There is an interdependency between MDM and Artificial Intelligence (AI). AI and Machine Learning (ML) depends on data quality, that is sustained with MDM, as examined in the post Machine Learning, Artificial Intelligence and Data Quality. And you can use AI and ML to solve MDM issues as told in the post Six MDM, AI and ML Use Cases.

IoT and MDM

The scope of MDM will increase with the rise of Internet of Things (IoT) as reported in the post IoT and MDM. Probably we will see the highest maturity for that first in Industrial Internet of Things (IIoT), also referred to as Industry 4.0, as pondered in the post IIoT (or Industry 4.0) Will Mature Before IoT.

Ecosystem wide MDM

Doing Master Data Management (MDM) enterprise wide is hard enough. But it does not stop there. Increasingly every organization will be an integrated part of a business ecosystem where collaboration with business partners will be a part of digitalization and thus we will have a need for working on the same foundation around master data. Learn more in the post Multienterprise MDM.

Six MDM, AI and ML Use Cases

One of the hottest trends in the Master Data Management (MDM) world today is how to exploit Artificial Intelligence (AI) and ignite that with Machine Learning (ML).

This aspiration is not new. It has been something that have been going on for years and you may argue about when computerized decision support and automation goes from being applying advanced algorithms to being AI. However, the AI and ML theme is getting traction today as part of digital transformation and whatever we call it, there are substantial business outcomes to pursue.

As told in the post Machine Learning, Artificial Intelligence and Data Quality perhaps all use cases for applying AI is dependent on data quality and MDM is playing a crucial role in sustaining data quality efforts.
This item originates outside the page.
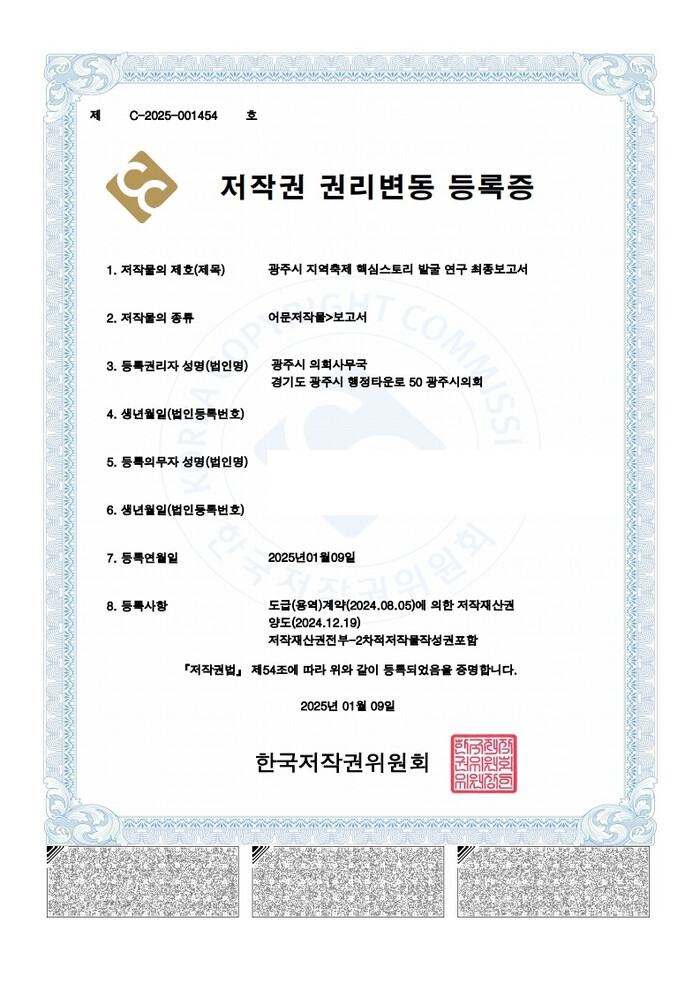 한국저작권위원회에 등록된 ‘지역축제 핵심스토리 발굴 연구 최종보고서’는 광주시 대표 3대 축제인 남한산성 문화제, 왕실도자기 축제, 퇴촌토마토 축제에 접목할 수 있도록 ‘축제발전 연구회’에서 자체 개발한 창작스토리 콘텐츠가 주 내용을 이루고 있으며, 최종권리자는 의회사무국이 된다.

Some of the use cases for AI and ML in the MDM realm I have come across over the years are:

6 MDM, AI and ML use cases

Translating between taxonomies: As reported in the post Artificial Intelligence (AI) and Multienterprise MDM emerging technologies can help in translating between the taxonomies in use when digital transformation sets a new bar for utilizing master data in business ecosystems.

Transforming unstructured to structured: A lot of data is kept in an unstructured way and to in order to systematically exploit these data in AI supported business process we need make data more structured. AI and ML can help with that too.

Data quality issue prevention: Simple rules for checking integrity and validating data is good – but unfortunately not good enough for ensuring data quality. AI is a way to exploit statistical methods and complex relationships.

Categorizing data: Digital transformation, spiced up with increasing compliance requirements, has made data categorization a must and AI and ML can be an effective way to solve this task that usually is not possible for humans to cover across an enterprise.

Data matching: Establishing a link between multiple descriptions of the same real-world entity across an enterprise and out to third party reference data has always been a pain. AI and ML can help as examined in the post The Art in Data Matching.

Improving insight: The scope of MDM can be enlarged to Extended MDM Platforms where other data as transactions and big data is used to build a 360-degree of the master data entities. AI and ML is a prerequisite to do that.